■ **Work request**:
Transcribe only the part of the material below that begins at the line containing "最后,来看看演员和导演的合作" and ends at the line containing "分析:斯丹赛的高管团队配置在", with both kept and images left out.

■ **Records shown**:

------------------------------------------------------------

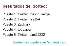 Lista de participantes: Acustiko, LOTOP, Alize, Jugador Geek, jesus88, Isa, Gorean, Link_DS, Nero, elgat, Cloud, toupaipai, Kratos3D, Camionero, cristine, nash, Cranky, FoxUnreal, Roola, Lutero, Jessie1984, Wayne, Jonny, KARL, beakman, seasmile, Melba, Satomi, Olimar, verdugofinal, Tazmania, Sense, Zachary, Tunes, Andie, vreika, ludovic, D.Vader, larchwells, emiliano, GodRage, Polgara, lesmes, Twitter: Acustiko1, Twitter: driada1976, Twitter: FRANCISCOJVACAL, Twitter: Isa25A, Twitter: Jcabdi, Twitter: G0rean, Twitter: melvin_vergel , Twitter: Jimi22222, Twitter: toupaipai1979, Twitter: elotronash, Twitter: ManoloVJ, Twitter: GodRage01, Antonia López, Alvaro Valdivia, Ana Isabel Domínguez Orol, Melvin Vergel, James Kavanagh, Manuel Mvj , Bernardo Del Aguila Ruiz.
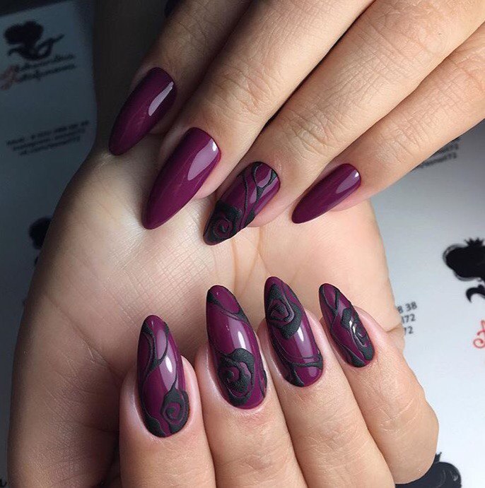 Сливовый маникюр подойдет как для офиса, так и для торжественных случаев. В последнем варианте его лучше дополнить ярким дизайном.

------------------------------------------------------------

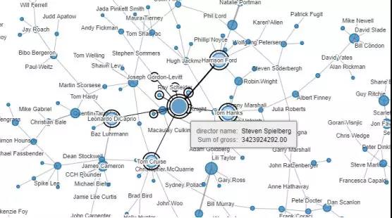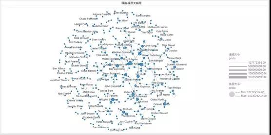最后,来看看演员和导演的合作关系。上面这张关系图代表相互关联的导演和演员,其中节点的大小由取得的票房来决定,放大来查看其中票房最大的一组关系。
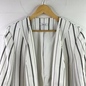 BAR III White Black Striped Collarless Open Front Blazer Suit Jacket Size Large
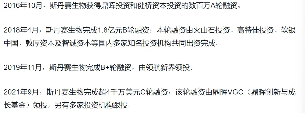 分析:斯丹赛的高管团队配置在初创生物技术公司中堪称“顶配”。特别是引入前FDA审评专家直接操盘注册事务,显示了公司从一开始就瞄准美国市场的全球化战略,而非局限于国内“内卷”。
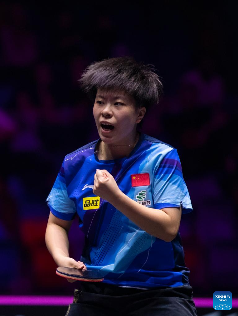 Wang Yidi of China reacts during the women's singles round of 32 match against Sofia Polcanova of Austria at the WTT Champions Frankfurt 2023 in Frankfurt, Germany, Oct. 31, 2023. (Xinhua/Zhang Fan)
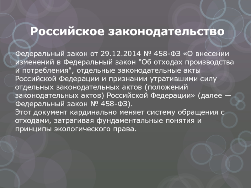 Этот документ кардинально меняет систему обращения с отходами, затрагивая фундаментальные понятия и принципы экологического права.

------------------------------------------------------------

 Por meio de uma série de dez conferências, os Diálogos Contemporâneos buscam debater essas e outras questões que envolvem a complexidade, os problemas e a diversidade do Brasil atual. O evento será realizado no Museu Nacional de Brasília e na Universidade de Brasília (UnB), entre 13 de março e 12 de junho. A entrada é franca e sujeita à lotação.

------------------------------------------------------------

■ **Expected answer**:
最后,来看看演员和导演的合作关系。上面这张关系图代表相互关联的导演和演员,其中节点的大小由取得的票房来决定,放大来查看其中票房最大的一组关系。
 BAR III White Black Striped Collarless Open Front Blazer Suit Jacket Size Large
 分析:斯丹赛的高管团队配置在初创生物技术公司中堪称“顶配”。特别是引入前FDA审评专家直接操盘注册事务,显示了公司从一开始就瞄准美国市场的全球化战略,而非局限于国内“内卷”。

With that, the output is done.